→ **What you should do**:
Leaving the pictures aside, repeat each line below exactly.

→ **Input material**:
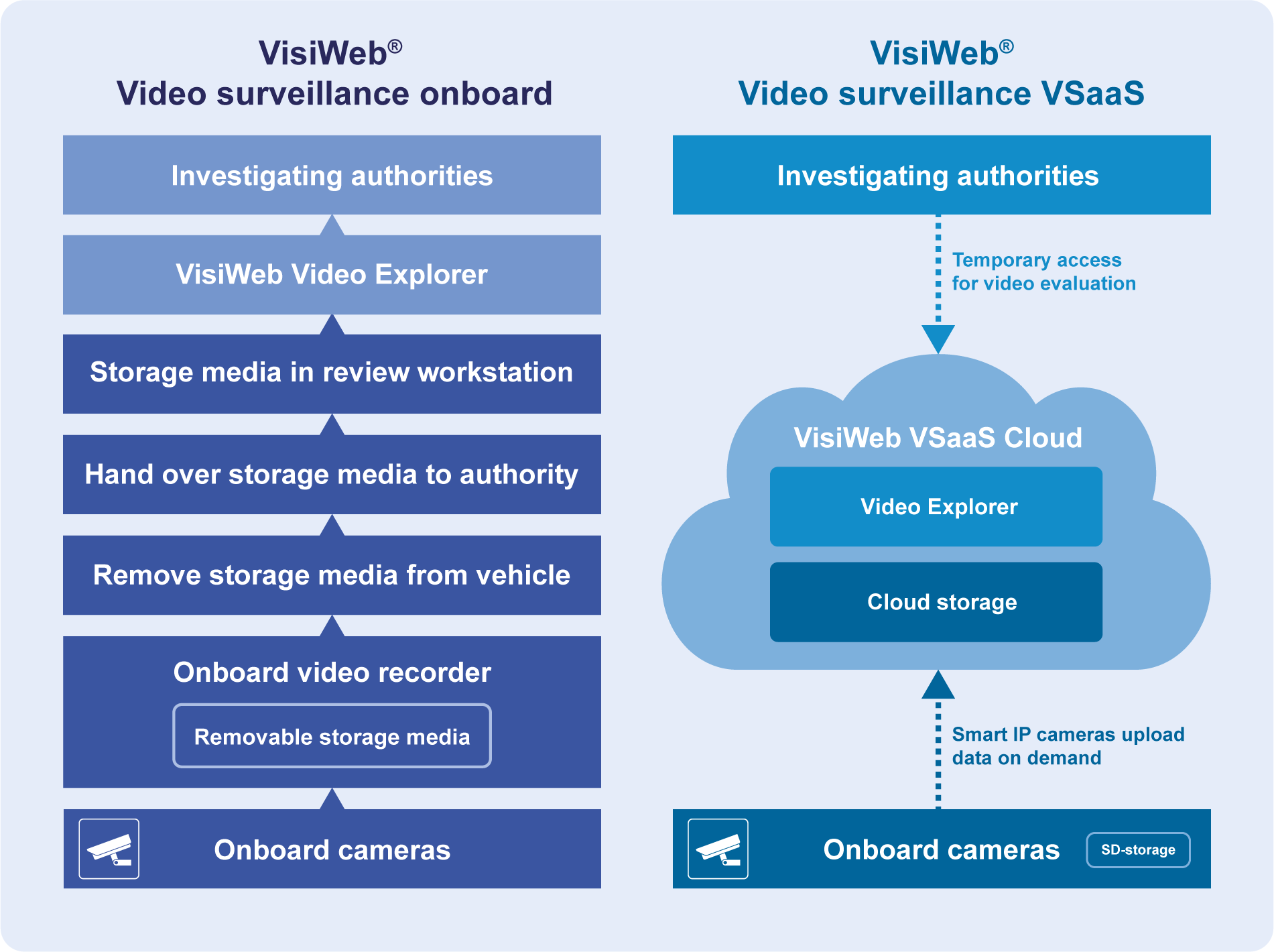 VisiWeb® VSaaS is built on an intelligent system architecture in which image processing and control functions are optimally distributed. Parts of the logic are shifted locally into the vehicle. Smart IP cameras, equipped with integrated processing power (edge computing), carry out initial analysis and processing tasks directly at the source of events and, when required, upload video footage to the cloud via a secure LTE/5G connection.
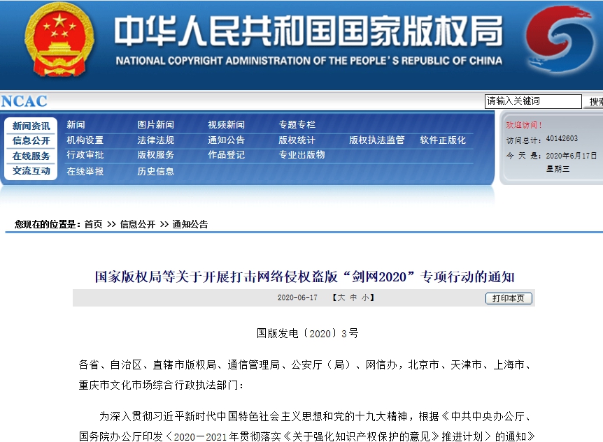 【環球網綜合報道】近日,國家版權局、工業和信息化部、公安部、國家互聯網信息辦公室四部門聯合啓動打擊網絡侵權盜版“劍網2020”專項行動,這是全國持續開展的第16次打擊網絡侵權盜版專項行動。
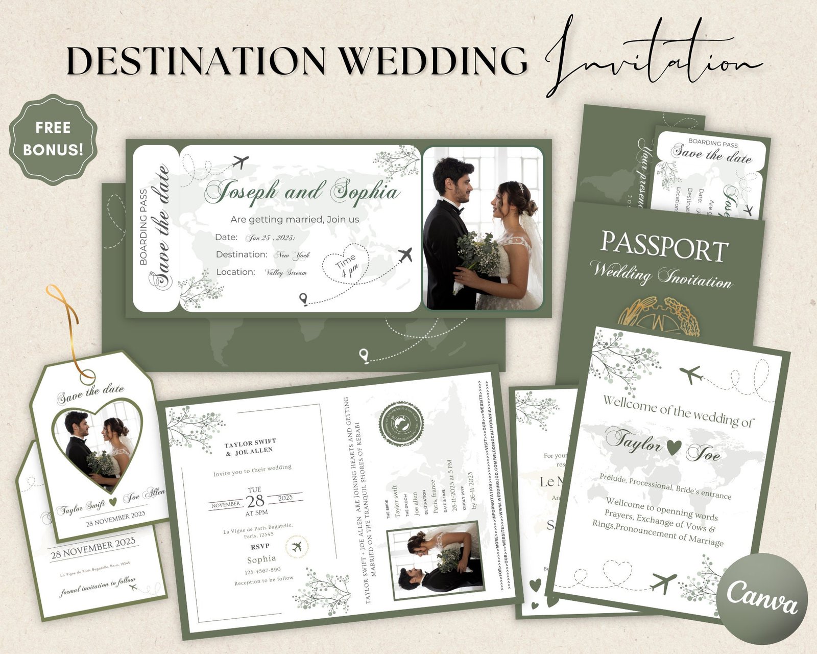 Destination Wedding Invitation, Boarding Pass Invitation, Printable Passport Wedding Invitation, Travel Theme Wedding, Travel Wedding Bundle
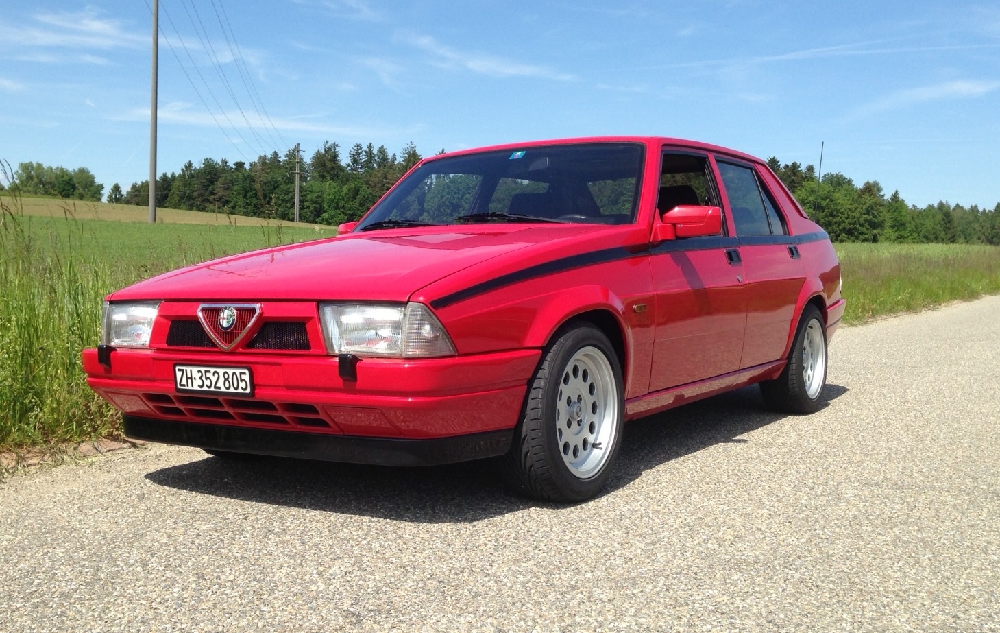 Der Alfa 75 ist in einem super Zustand. Er wurde letzte Woche frisch geprüft. Der Alfa 75 steht auf neu aufgearbeiteten Ronal Felgen (gerichtet und lackiert) inkl. neuen Nabendeckel und fast neuen Toyo Pneus. Recaro Interieur in einem guten Zustand. Vor ca. 3000km wurde der Zylinderkopf und die Vergaser revidiert. Ausserdem hat er eine neue Batterie, neue Zündungsteile inkl. neuen Zündkabel und einen neuen Endschalldämpfer. Er fährt sehr schön, keine Vibrationen der Kardanwelle und das Getriebe lässt sich wunderschön schalten. Vor kurzem habe ich noch die Heckleuchten durch rote ersetzt und das Check Control ausgetauscht. Die Tieferlegung ist eingetragen (inkl. dem Drehstab vorne) Der Alfa 75 wird frisch ab Service verkauft.
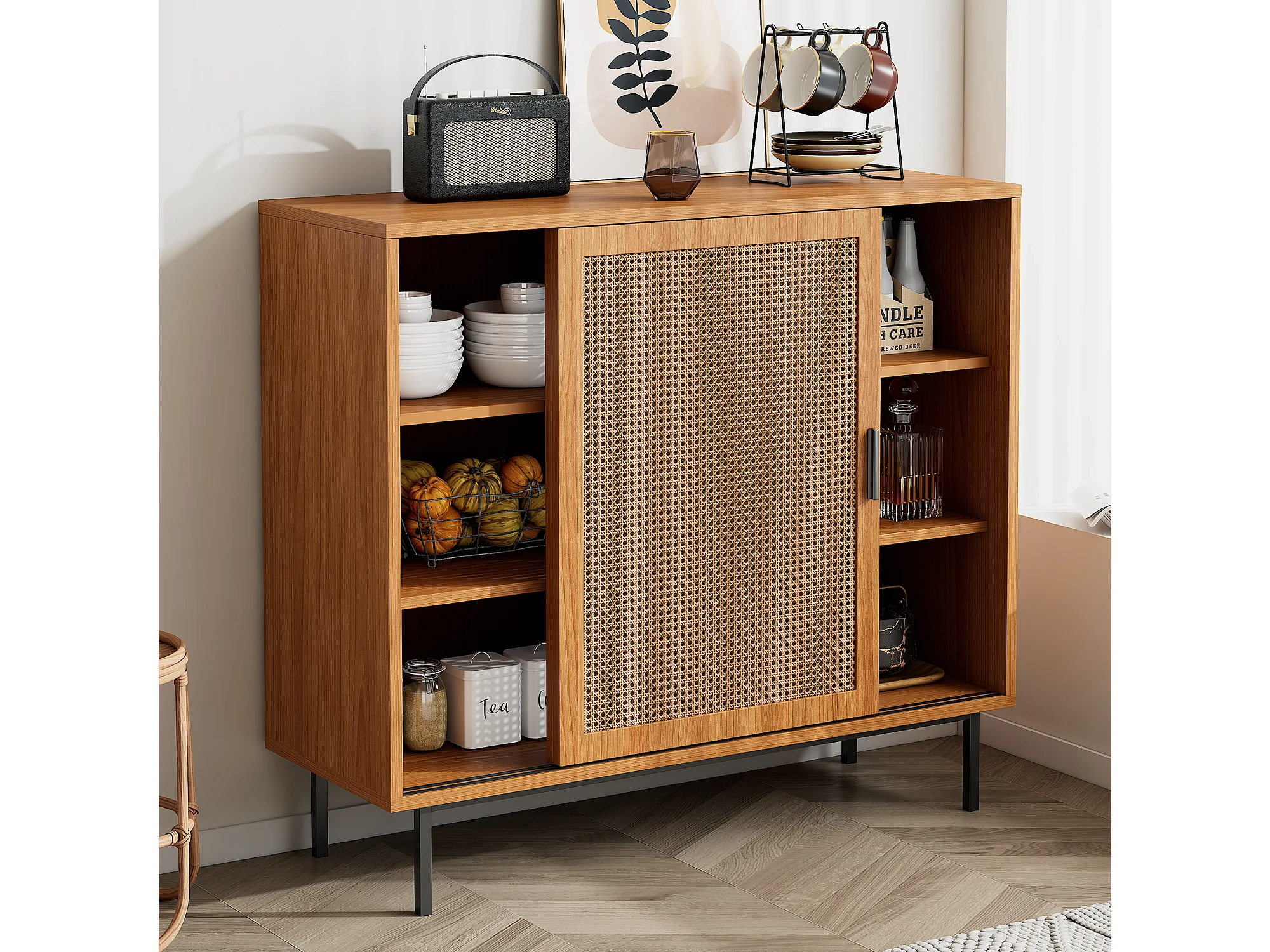 Buffet naturel avec 3 tiroirs et 2 portes en rotin, étagères réglables - poignées et pieds noirs
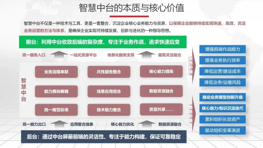 从应用价值来看,中台不但可以提高营销效率,缩短业务流程,降低运营和IT成本,而且可以通过对业务流程的可视化管理和对风险的智能化控制来保证业务的正常运行;从长远来说,它可以促进商业模式的革新、核心能力的沉淀和以数据为导向的商业成长,使企业能够在数位化的竞争中不断适应和演化。
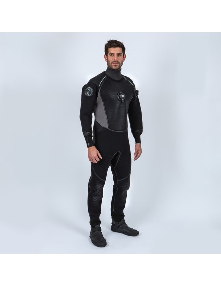 Designed with cold water adventures in mind, the Hydra Drysuit is made from High Density Neoprene compressed from 7mm to 4mm, providing warmth whilst maintaining freedom of movement. Fitted with high-end Apollo Bio-Dry Valves, YKK AQUASEAL® dry plastic zipper and the Hydpro Smooth Pro low pressure hose, the slimline cut of the suit means easier air management and all round supreme performance.
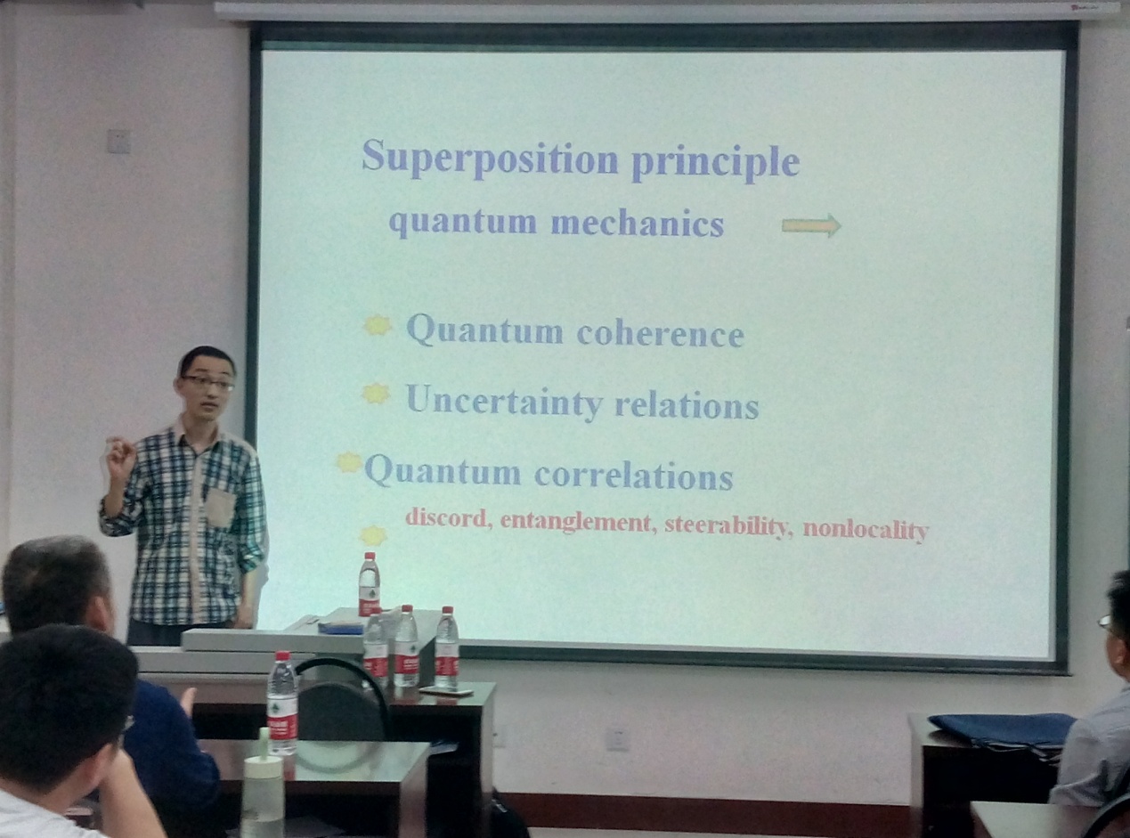 麻志浩指出,量子信息是国际前沿研究方向,量子通信、量子计算机是国际研究热点,而我国最近发射的墨子号量子通信卫星是国内在量子通信方面取得的卓越成就。强调量子力学中一个基本问题是测不准关系,它是科学中一个基本原理,同时在量子信息中有着重要应用。麻志浩以矩阵及变换理论为基础,分析了纯态、混合态、缠绕态的矩阵表示,并就纠缠度量等问题做了详细讲解,并介绍了其在海森堡不确定关系研究上所做的突出工作。

→ **Task result**:
 VisiWeb® VSaaS is built on an intelligent system architecture in which image processing and control functions are optimally distributed. Parts of the logic are shifted locally into the vehicle. Smart IP cameras, equipped with integrated processing power (edge computing), carry out initial analysis and processing tasks directly at the source of events and, when required, upload video footage to the cloud via a secure LTE/5G connection.
 【環球網綜合報道】近日,國家版權局、工業和信息化部、公安部、國家互聯網信息辦公室四部門聯合啓動打擊網絡侵權盜版“劍網2020”專項行動,這是全國持續開展的第16次打擊網絡侵權盜版專項行動。
 Destination Wedding Invitation, Boarding Pass Invitation, Printable Passport Wedding Invitation, Travel Theme Wedding, Travel Wedding Bundle
 Der Alfa 75 ist in einem super Zustand. Er wurde letzte Woche frisch geprüft. Der Alfa 75 steht auf neu aufgearbeiteten Ronal Felgen (gerichtet und lackiert) inkl. neuen Nabendeckel und fast neuen Toyo Pneus. Recaro Interieur in einem guten Zustand. Vor ca. 3000km wurde der Zylinderkopf und die Vergaser revidiert. Ausserdem hat er eine neue Batterie, neue Zündungsteile inkl. neuen Zündkabel und einen neuen Endschalldämpfer. Er fährt sehr schön, keine Vibrationen der Kardanwelle und das Getriebe lässt sich wunderschön schalten. Vor kurzem habe ich noch die Heckleuchten durch rote ersetzt und das Check Control ausgetauscht. Die Tieferlegung ist eingetragen (inkl. dem Drehstab vorne) Der Alfa 75 wird frisch ab Service verkauft.
 Buffet naturel avec 3 tiroirs et 2 portes en rotin, étagères réglables - poignées et pieds noirs
 从应用价值来看,中台不但可以提高营销效率,缩短业务流程,降低运营和IT成本,而且可以通过对业务流程的可视化管理和对风险的智能化控制来保证业务的正常运行;从长远来说,它可以促进商业模式的革新、核心能力的沉淀和以数据为导向的商业成长,使企业能够在数位化的竞争中不断适应和演化。
 Designed with cold water adventures in mind, the Hydra Drysuit is made from High Density Neoprene compressed from 7mm to 4mm, providing warmth whilst maintaining freedom of movement. Fitted with high-end Apollo Bio-Dry Valves, YKK AQUASEAL® dry plastic zipper and the Hydpro Smooth Pro low pressure hose, the slimline cut of the suit means easier air management and all round supreme performance.
 麻志浩指出,量子信息是国际前沿研究方向,量子通信、量子计算机是国际研究热点,而我国最近发射的墨子号量子通信卫星是国内在量子通信方面取得的卓越成就。强调量子力学中一个基本问题是测不准关系,它是科学中一个基本原理,同时在量子信息中有着重要应用。麻志浩以矩阵及变换理论为基础,分析了纯态、混合态、缠绕态的矩阵表示,并就纠缠度量等问题做了详细讲解,并介绍了其在海森堡不确定关系研究上所做的突出工作。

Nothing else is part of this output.